The incidence of melanoma varies geographically. Australia has the highest incidence, with 1 in 25 people succumbing to the disease in their lifetime, compared to 1 in 5000 in the USA and European countries.


High peaks to sun exposure (eg. sunburn in childhood) and overall lifetime overexposure to ultraviolet radiation contributes substantially to melanoma


Melanomas can present themselves as moles in areas all over the body, from both areas that are constantly, and never, exposed to the sun. Along with being found on the skin, they can present themselves under finger or toe nails, in the mouth, digestive tract, vagina, and in the eye.

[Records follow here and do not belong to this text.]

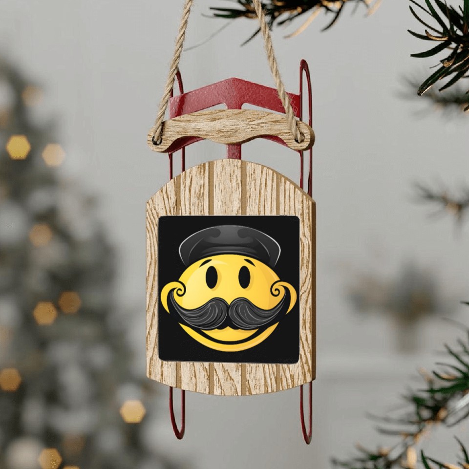 Own fascinating Happy face with mustache Sled Ornaments or see more Sled Ornaments products now from Printblur shop to enjoy your shopping time!
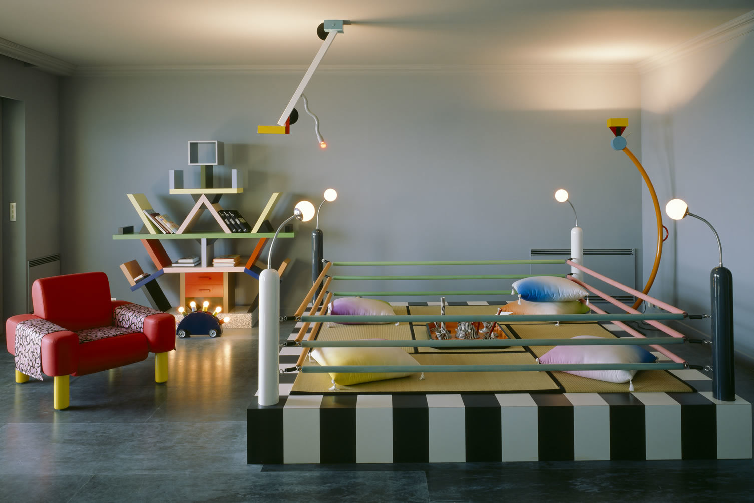 Next month, Sotheby’s will auction hundreds of artworks from David Bowie’s personal collection. Presently on view in Hong Kong, the pieces included paintings by Damien Hirst and Jean-Michel Basquiat (one of which is expected to sell for over $3 million) and sculptures by Marcel Duchamp. Also on the block: over 100 pieces of Bowie’s furniture, much of which is the idiosyncratic work of the Memphis Group, the Milan-based design collective that made waves in the mid 80s with its bold colors and playful mentality. Though its style is divisive (The San Francisco Chronicle once called Memphis “a shotgun wedding between Bauhaus and Fisher-Price”), the group’s postmodern designs have proven massively influential in fashion, film, and, arguably, fast food.
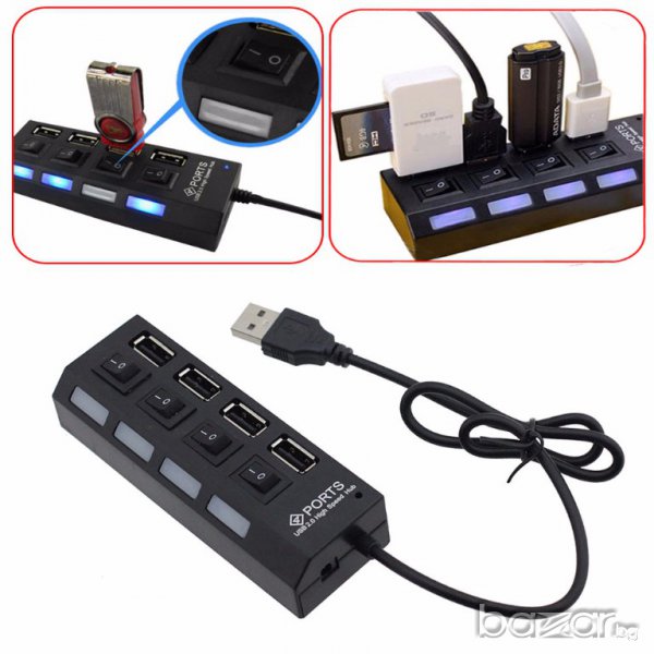 * Всеки USB порт е снабден с копче за включване/изключване(С тези бътони може да изключите някой от портовете без да вадите кабела)
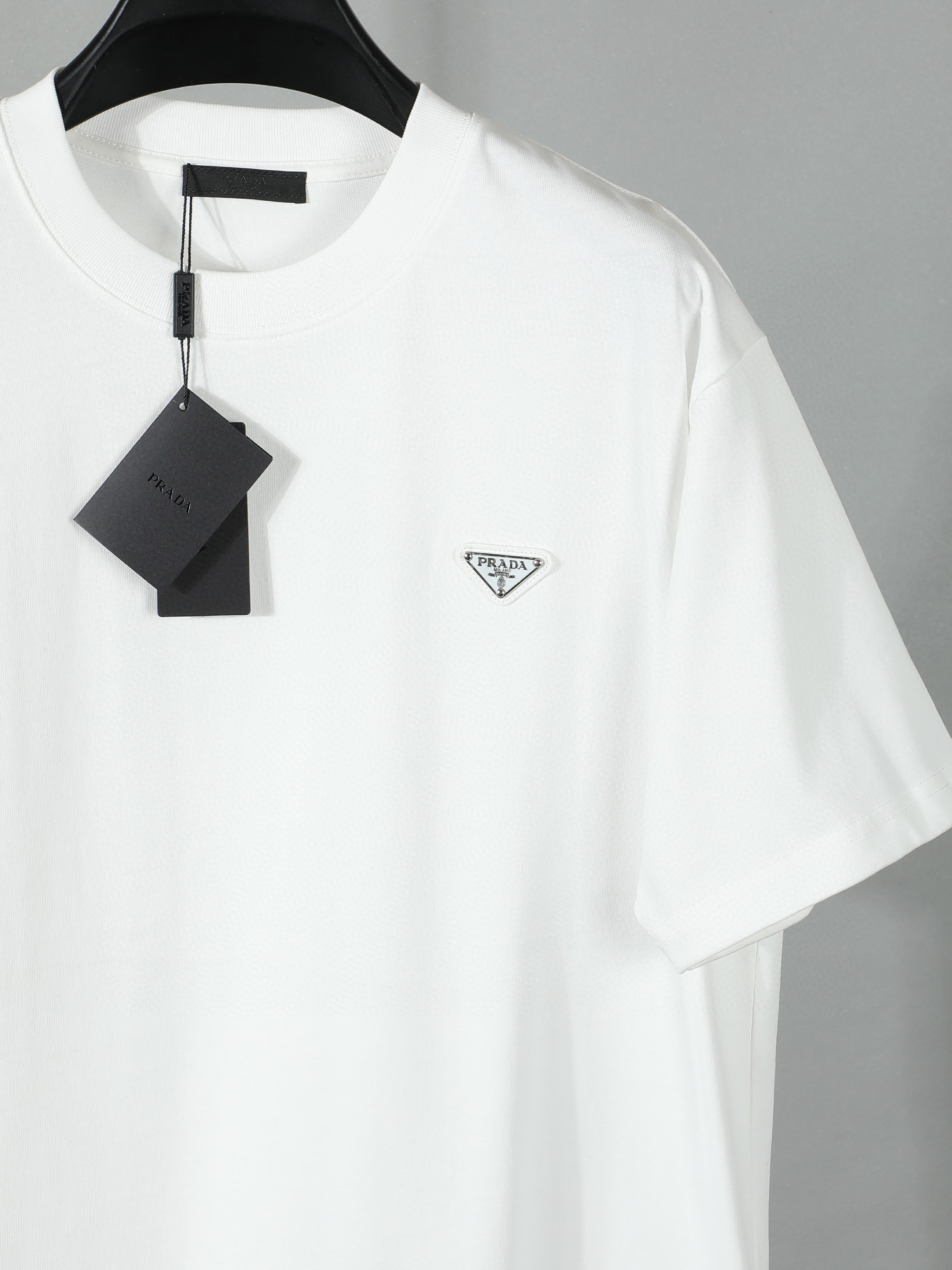 这款衣服是AAAAA 1:1 质量 (非常棒). 使用了和原版一模一样的材料. 商标部分也保持了和普拉达/Prada一样. 图片拍摄是实物衣服拍摄, 您所收到的实物保证和我们图片一模一样.
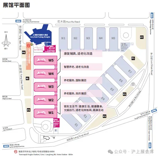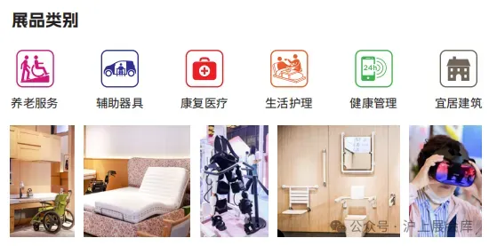 养老服务展区:养老机构、社区机构、金融养老服务、适老化设计、机构运营,位于 W3 馆、W2 馆;
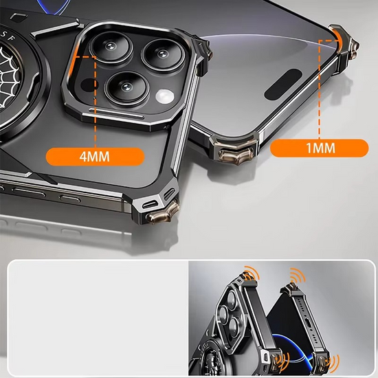 Bat Web Fidget Spinner Phone Case with Magnetic Wireless Charging, Finger Gyroscopic Pressure Relief for iPhone 16 Pro Max
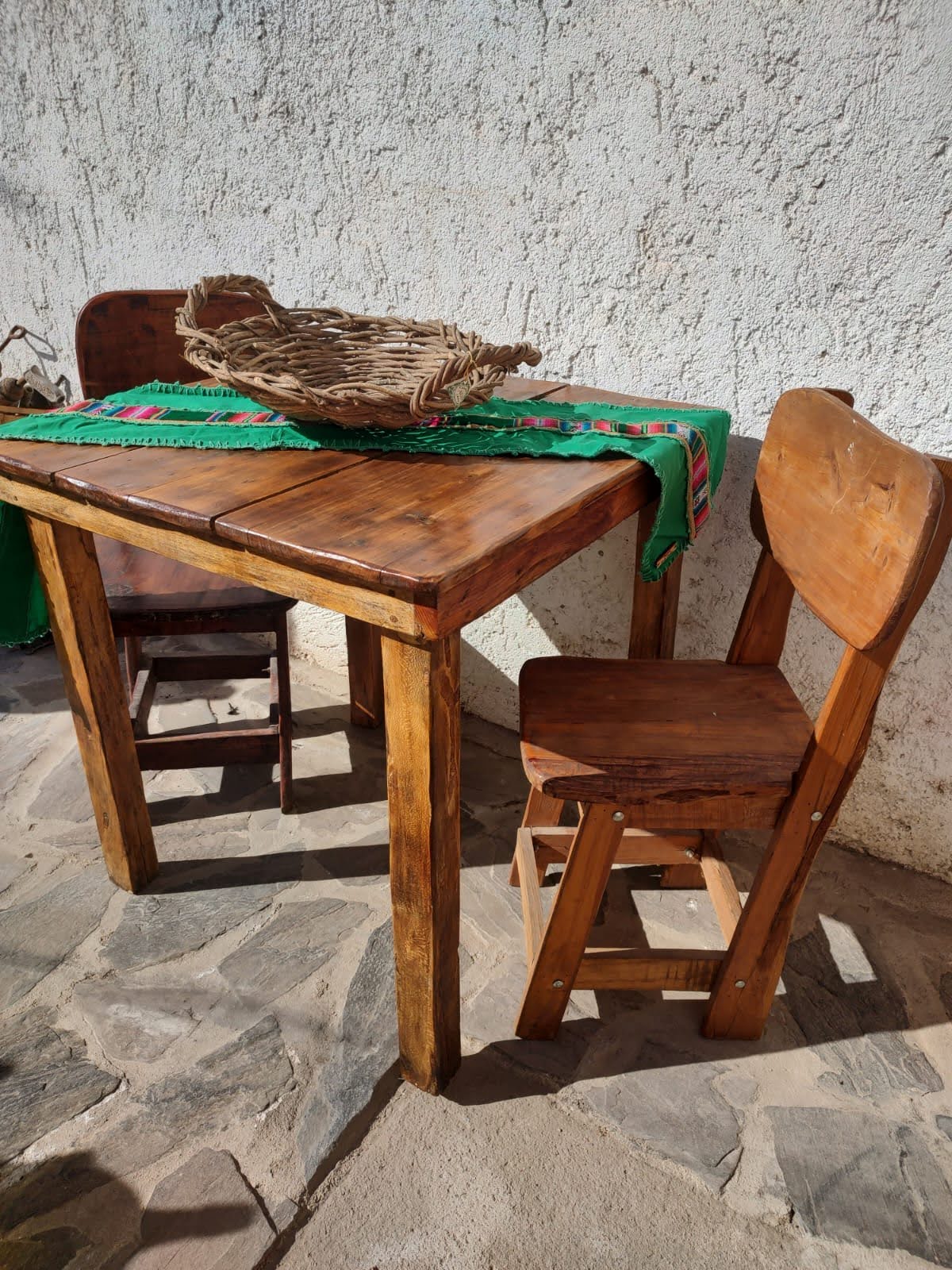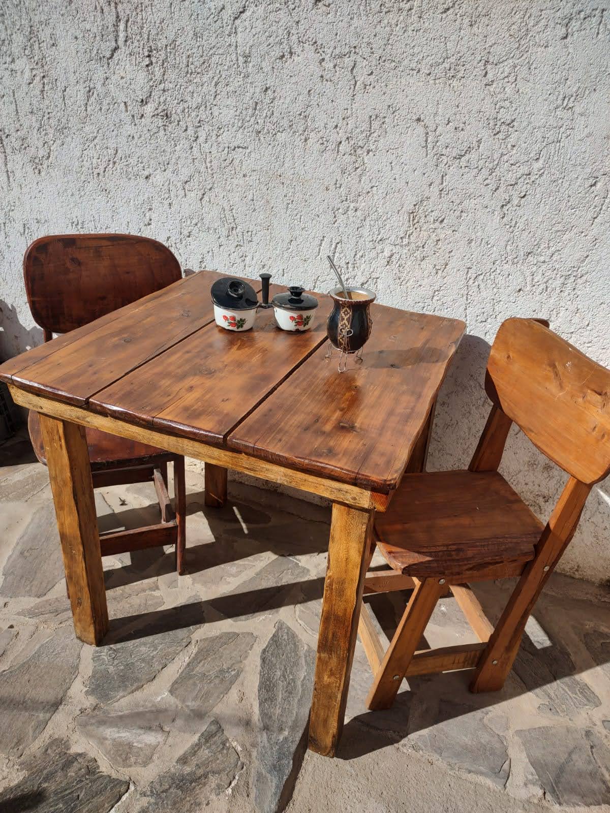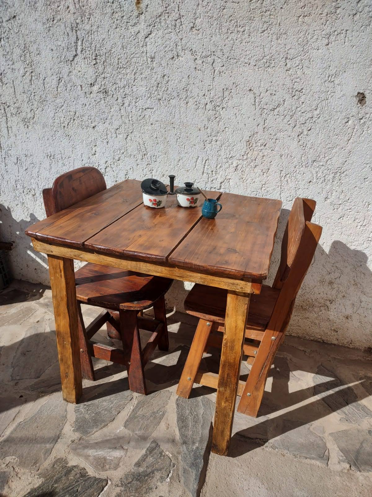 Conjunto de mesa y dos sillas de madera maciza, estilo rústico y artesanal. Ideal para cocina, galería o comedor de campo. Madera restaurada con acabado natural que resalta su veta y color. Sólido, estable y con mucho encanto vintage.
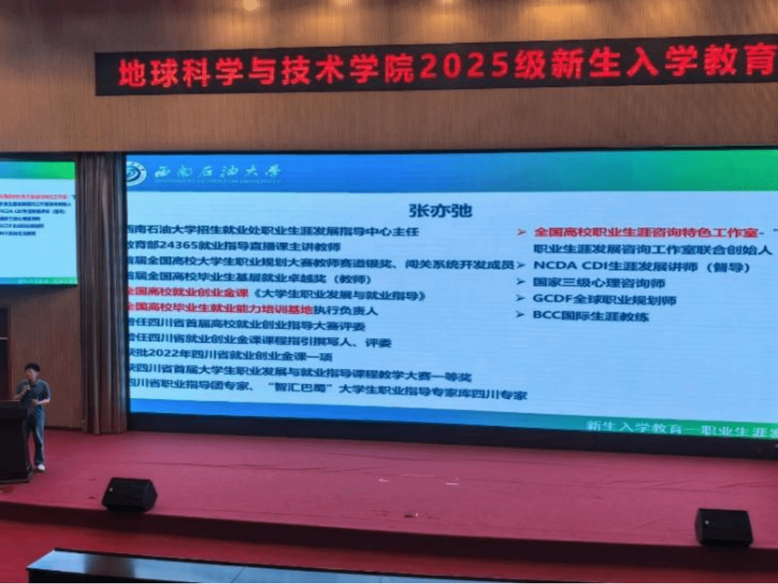 为帮助2025级新生快速适应大学环境、明确发展方向、树立科学的生涯规划意识,9月15日下午,地球科学与技术学院精心组织开展了一场新生入学生涯教育专题讲座,为全体新生带来了一场内容丰富、启迪深刻的生涯引导分享。
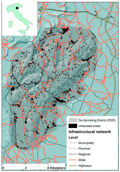 In the experiment illustrated in this paper, the study area (DSD) is located in a North Italian plain–low hill area, distinguished by the extreme dispersive urban model, sprinkling (Figure 1).
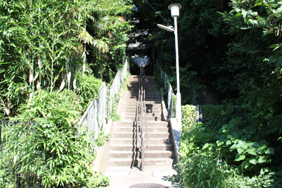 鳥居を潜って中へ入っていくと階段がある。
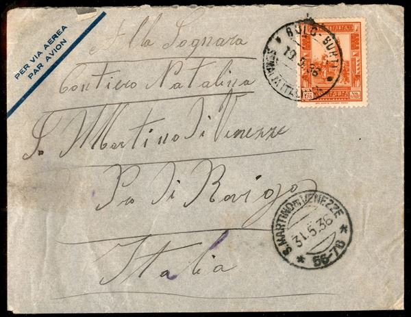 Bulo Burti/Somalia Italiana 19.5.36 - 1,75 lire Pittorica (224) isolato su aerogramma per Rovigo
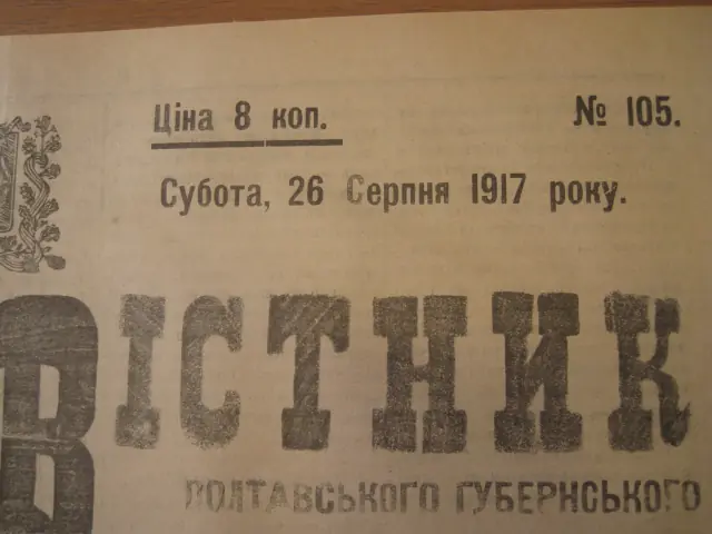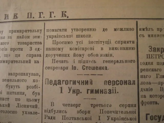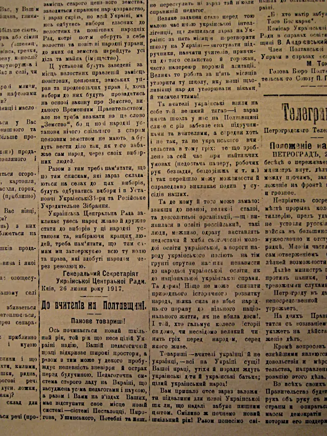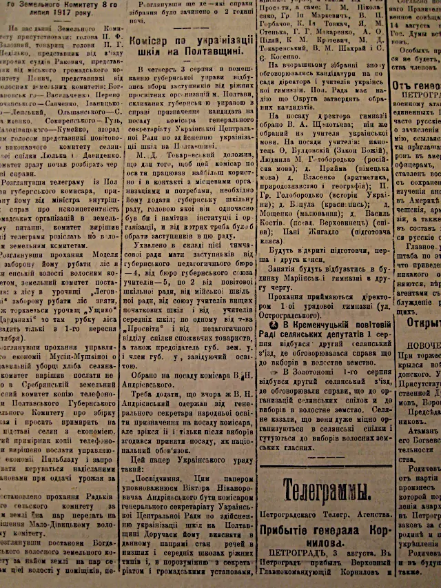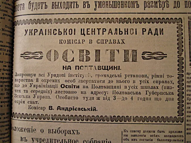Повідомлення Віктора Андрієвського як комісара освіти УНР на Полтавщині у газеті «Вістник Полтавського губернського громадського комітету» (№88 від 5 серпня1917)

The self -examination guide can be used to detect melanomas or other skin cancers: A (asymmetrical): moles with an irregular shape may be skin cancers or melanoma. B (border): melanomas have irregular, ragged or blurred borders. C (colour): melanomas may have a changing or irregular colour, which can range between black, brown and blue. D (diameter): growths larger than 6mm (1/4 diameter) may suggest melanoma. E (evolving): check for any moles that appear to change shape, colour or size.

Other symptoms of a changing mole to be wary of are itching, a change in texture, and oozing or bleeding.

Melanoma skin cancer

Surgical removal, such as excision or mohs surgery, is used to remove melanomas. When the cancer grows, it is able to spread (metastasis) via the blood stream, which gives it access to distant organs, where it can form secondary tumours. Advanced melanomas are treated with chemotherapy, radiation therapy, and immunotherapy.